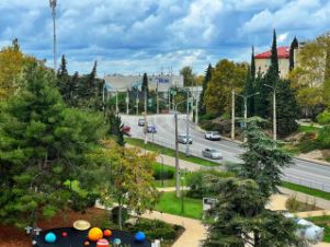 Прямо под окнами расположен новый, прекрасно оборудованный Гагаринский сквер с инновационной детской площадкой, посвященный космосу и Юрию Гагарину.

....................

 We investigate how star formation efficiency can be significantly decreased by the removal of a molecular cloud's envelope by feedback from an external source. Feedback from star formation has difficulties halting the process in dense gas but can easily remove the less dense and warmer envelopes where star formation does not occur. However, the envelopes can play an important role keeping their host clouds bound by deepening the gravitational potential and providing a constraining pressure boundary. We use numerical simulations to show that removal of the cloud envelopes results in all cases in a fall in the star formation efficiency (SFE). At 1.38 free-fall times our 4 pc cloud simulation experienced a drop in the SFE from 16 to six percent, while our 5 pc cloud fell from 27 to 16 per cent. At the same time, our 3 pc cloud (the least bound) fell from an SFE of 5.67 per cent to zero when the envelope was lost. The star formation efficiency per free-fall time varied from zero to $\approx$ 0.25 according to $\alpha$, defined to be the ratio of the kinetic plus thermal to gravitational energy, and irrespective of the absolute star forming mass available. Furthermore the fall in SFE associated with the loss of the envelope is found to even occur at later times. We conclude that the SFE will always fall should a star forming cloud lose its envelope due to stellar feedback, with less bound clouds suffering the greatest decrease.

....................

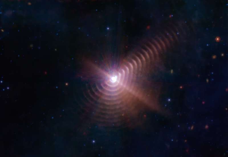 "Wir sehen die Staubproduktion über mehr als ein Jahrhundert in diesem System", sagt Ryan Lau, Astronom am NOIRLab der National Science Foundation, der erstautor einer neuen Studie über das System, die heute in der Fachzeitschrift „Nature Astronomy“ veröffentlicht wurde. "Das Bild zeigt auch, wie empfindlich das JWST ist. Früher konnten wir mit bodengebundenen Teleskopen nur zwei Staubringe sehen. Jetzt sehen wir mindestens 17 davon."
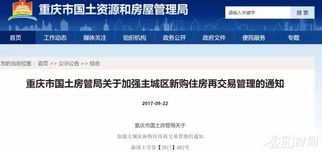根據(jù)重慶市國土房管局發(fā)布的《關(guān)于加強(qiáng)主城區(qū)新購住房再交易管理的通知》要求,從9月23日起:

....................

Your reply should consist solely of the lines above from the line containing "sehen die Staubproduktion" up to and including the line containing "根據(jù)重慶市國土房管局", reproduced exactly, minus the pictures.

Solution to the problem:
 "Wir sehen die Staubproduktion über mehr als ein Jahrhundert in diesem System", sagt Ryan Lau, Astronom am NOIRLab der National Science Foundation, der erstautor einer neuen Studie über das System, die heute in der Fachzeitschrift „Nature Astronomy“ veröffentlicht wurde. "Das Bild zeigt auch, wie empfindlich das JWST ist. Früher konnten wir mit bodengebundenen Teleskopen nur zwei Staubringe sehen. Jetzt sehen wir mindestens 17 davon."
根據(jù)重慶市國土房管局發(fā)布的《關(guān)于加強(qiáng)主城區(qū)新購住房再交易管理的通知》要求,從9月23日起:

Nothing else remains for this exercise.